Solo dos semanas nos separan de unas elecciones que debieron ser el inicio de un cambio sustantivo con miras al bicentenario, pero todo indica que será de todo, menos de celebración. Las encuestas publicadas por el IEP y CPI, pese a sus diferencias, muestran información que vale la pena subrayar, en un momento en que lo único seguro es que nada lo es hasta el día de la elección.
La dispersión en la intención de voto no tiene precedente en la historia republicana. Solo a modo de ejemplo, en lo que va del siglo, los dos más votados que pasaban a la segunda vuelta sumaban más de la mitad de los votos válidos. En esta oportunidad, para llegar a esa cifra se tiene que sumar ocho candidatos, número que quizá disminuirá, pero solo un poco.
Los dos que pasen a la segunda vuelta (Lescano, López Aliaga, Mendoza y Forsyth, con más posibilidades) lo harán con porcentajes bajos, lo cual hace de este evento no una continuidad, sino un nuevo partido para la conquista de un amplísimo pastel de votos, por lo que es un escenario de pronóstico reservado. De esta manera, un presidente en estas condiciones requiere más de lo que están mostrando los candidatos hasta ahora. Mayor liderazgo, conectar con las necesidades y deseos de la gente, ampliar equipos de trabajo. Con mayor razón aún, cuando no hay un solo candidato que cuente con un partido que sea su soporte principal para gobernar. Esto se ha convertido casi en una verdad, desde el triunfo de Fujimori, en 1990.
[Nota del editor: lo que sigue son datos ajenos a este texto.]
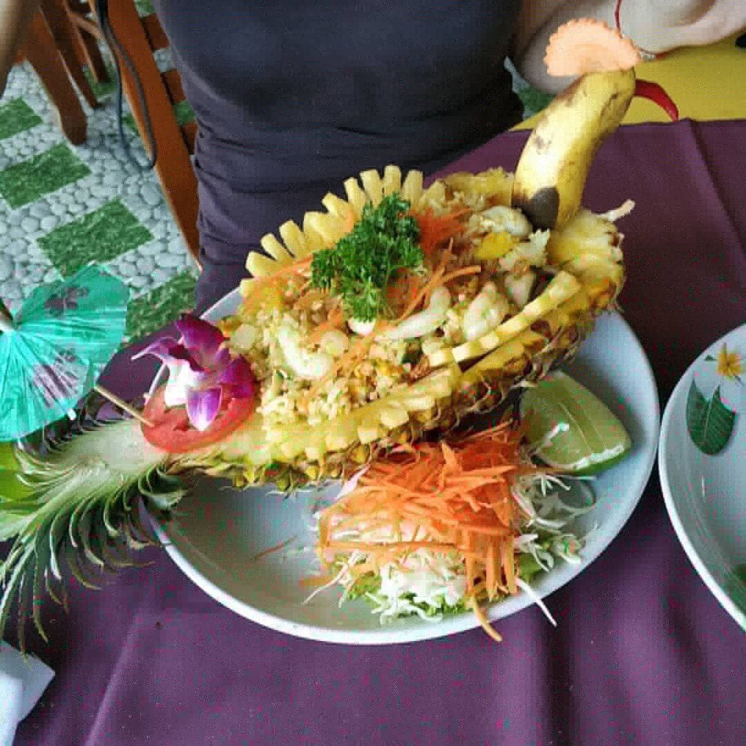 В Таиланде очень вкусная и разнообразная кухня, безусловно много острой еды, так как при такой жаре острая еда помогает не заболеть кишечными заболеваниями. Что стоит попробовать и сколько это стоит? 1). Пад-тай- жареная лапша может быть с курицей или морепродуктами, готовится преимущественно на улице в "макашницах", очень вкусное и сытное блюдо которое непременно стоит вашего внимания. Стоит 160 рублей за большую порцию. 2). Жареное мороженое-знаменитое тайское мороженое, которое готовится на основе молочной смеси и фруктов. На самом деле это мороженое готовится на ледяной поверхности и получается очень нежным, фруктовым с ярким насыщенным вкусом. стоит 160 рублей. Можно кушать вдвоем, так как порция огромная. 3). Банана блин-вкуснейшие блины сделанные прямо в уличных "макашницах" на основе рисового блинчика с разными начинками-фрукты, шоколад, сыр. Этот блинчик никого не оставит равнодушным. Стоит 100 рублей. 4). Рис в ананасе-яркий, сочный, спелый вкус ананаса в сочетании с рисом

El segundo tema, insistimos desde hace un tiempo en esta columna, es la composición del Parlamento. Aquí la dispersión se convierte en un fraccionamiento partidario más preocupante que ni el umbral de representación o valla electoral lo está evitando. Alrededor de ocho partidos ingresarían al Parlamento, la gran mayoría presentes en el Congreso actual. No hay gran recambio partidario. Lo nuevo será la composición de sus miembros. Pero, salvo escasas excepciones, debido a la no reelección y al pernicioso voto preferencial, los nuevos congresistas carecen de experiencia política y establecen débiles relaciones con los partidos por los que postulan. Ni siquiera se conocen entre ellos y desconocen muchos la propia función parlamentaria. La consecuencia es campañas de candidatos que ofrecen como si postularan a la presidencia. Es pues una caja de sorpresas, que en los últimos años ha sido de las malas.
Fraccionamiento y falta de cohesión partidaria abren el camino a la falta de disciplina, deserción y transfuguismo. Desde el 2001, el número de bancadas se incrementó en casi la mitad. Esto resulta importante para dos problemas latentes que se interrelacionan, inestabilidad y populismo, que llevan a la ingobernabilidad. Repetir el último quinquenio no es solo malo, sino pondría en peligro la democracia misma, ahora que se están mostrando rostros extremos del abanico político, con cierta receptividad.
Bajo este escenario, los debates pueden ser un punto de apoyo para mostrar la capacidad de los candidatos, no solo de propuestas, que son las que más se olvidan en estos eventos, sino observar lo que transmiten en situaciones difíciles, así como la capacidad de emitir mensajes que pueden llegar a las fibras sensibles del elector. Finalmente, la política es comunicación.